▶ _Task objective_
The range runs from the line containing "2568 ณ ห้องประชุมองค์การบริหารส่วนตำบลยางหวาย" through the last line of the material below; retype it exactly, leaving out the pictures.

########################################

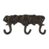 Wall hook set features three elephant heads, and their trunks are handy hooks. Perfect for hanging keys, scarves, or just about anything. Made of durable cast iron with a rustic finish. Use indoors or outdoors. 1.63 pounds. 10.5 x 1.5 x 4.75 inches tall. Cast iron.
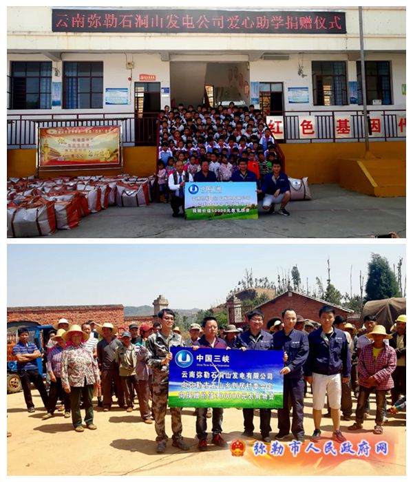 云南弥勒石洞山发电有限公司向弥勒市五山乡则居村贫困群众及学校捐赠爱心物资的善举,是企业履行社会责任、践行党中央、国务院精准扶贫号召的集中体现,深受当地群众和师生的高度赞扬,激发了贫困群众脱贫致富的信心,激励着贫困山区莘莘学子化感恩之情为动力,珍惜时光、奋发学习的决心。
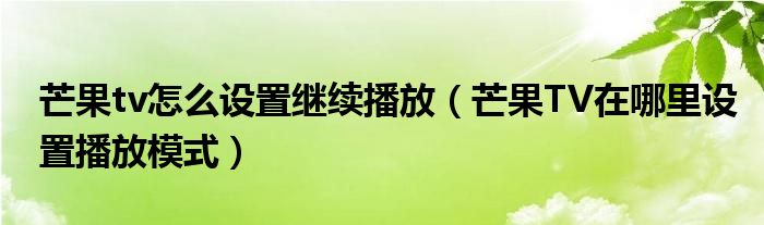 大家好,跳跳为你解答以上问题。芒果tv怎么设置继续播放,芒果TV在哪里设置播放模式这个问题很多人还不知道,现在让我们一起来看看吧!
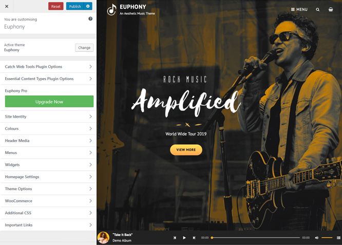 Euphony is a free music WordPress theme crafted beautifully for musicians and bands. It comes with a minimalistic, interactive and super elegant concept. Euphony has been made to be versatile within the music industry and fun to play with. This theme is power packed with astounding features like Featured Content, Featured Slider, Hero Content, Sticky Playlist, Services, Portfolio, Testimonials, and more. All of these features in Euphony allows you to tweak your music website the way you like. Euphony is an ideal solution for musicians, solo artists, bands, podcasts, music blogs; you just name it, the theme helps you realize all your ideas. The theme is completely responsive and thus compatible with all kinds of modern browsers. To top it all, the theme is translation-ready. If you want advance music features, check out the premium version, Euphony Pro.
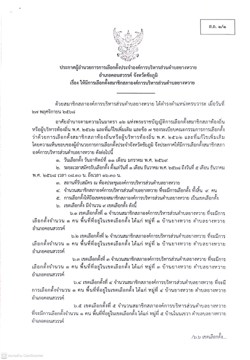 รับสมัครเลือกตั้งสมาชิกสภาองค์การบริหารส่วนตำบลและนายกองค์การบริหารส่วนตำบล ระหว่างวันที่ 1-5 ธันวาคม 2568 ณ ห้องประชุมองค์การบริหารส่วนตำบลยางหวาย
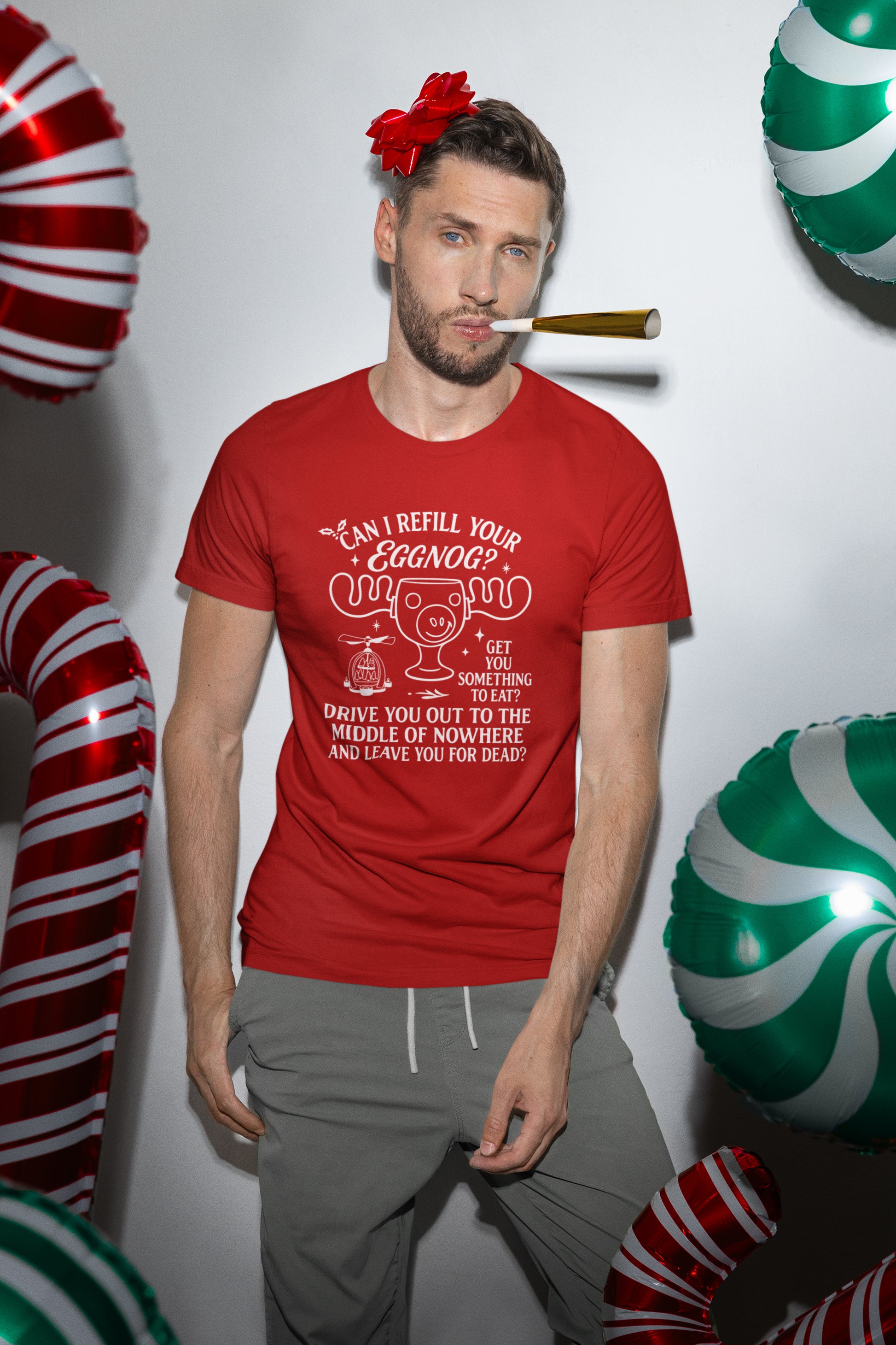 Bring the holiday cheer with our "Can I Refill Your Eggnog?" Moose Glass T-shirt inspired by the classic comedy movie Christmas Vacation. Celebrate the holidays and the hilarious moments with this shirt. Perfect for any holiday party.
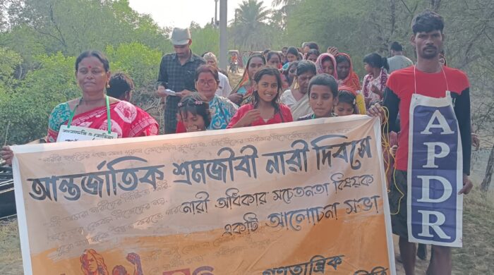 নতুন পয়গাম, হাসান লস্কর, দক্ষিণ ২৪ পরগনা: সুন্দরবন সংলগ্ন জঙ্গলনির্ভর মৎস্যজীবীদের আর্থসামাজিক সুরক্ষার দাবিতে সরব হল মানবাধিকার সংগঠন এপিডিআর। আন্তর্জাতিক নারী দিবসের প্রাক্কালে কুলতলির দেউলবাড়ি দেবীপুর গ্রাম পঞ্চায়েত এলাকায় কয়েক শত মৎস্যজীবীকে নিয়ে সমাবেশ ও পদযাত্রার আয়োজন করা হয়।
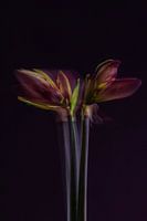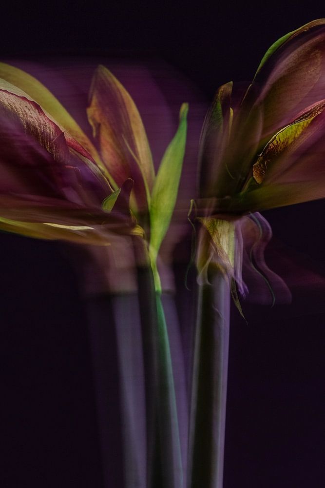 Eine farbenfrohe Doppelbelichtung mit Bewegung von zwei Amaryllis vor einem dunklen Hintergrund.

########################################

▶ _Output_
 รับสมัครเลือกตั้งสมาชิกสภาองค์การบริหารส่วนตำบลและนายกองค์การบริหารส่วนตำบล ระหว่างวันที่ 1-5 ธันวาคม 2568 ณ ห้องประชุมองค์การบริหารส่วนตำบลยางหวาย
 Bring the holiday cheer with our "Can I Refill Your Eggnog?" Moose Glass T-shirt inspired by the classic comedy movie Christmas Vacation. Celebrate the holidays and the hilarious moments with this shirt. Perfect for any holiday party.
 নতুন পয়গাম, হাসান লস্কর, দক্ষিণ ২৪ পরগনা: সুন্দরবন সংলগ্ন জঙ্গলনির্ভর মৎস্যজীবীদের আর্থসামাজিক সুরক্ষার দাবিতে সরব হল মানবাধিকার সংগঠন এপিডিআর। আন্তর্জাতিক নারী দিবসের প্রাক্কালে কুলতলির দেউলবাড়ি দেবীপুর গ্রাম পঞ্চায়েত এলাকায় কয়েক শত মৎস্যজীবীকে নিয়ে সমাবেশ ও পদযাত্রার আয়োজন করা হয়।
 Eine farbenfrohe Doppelbelichtung mit Bewegung von zwei Amaryllis vor einem dunklen Hintergrund.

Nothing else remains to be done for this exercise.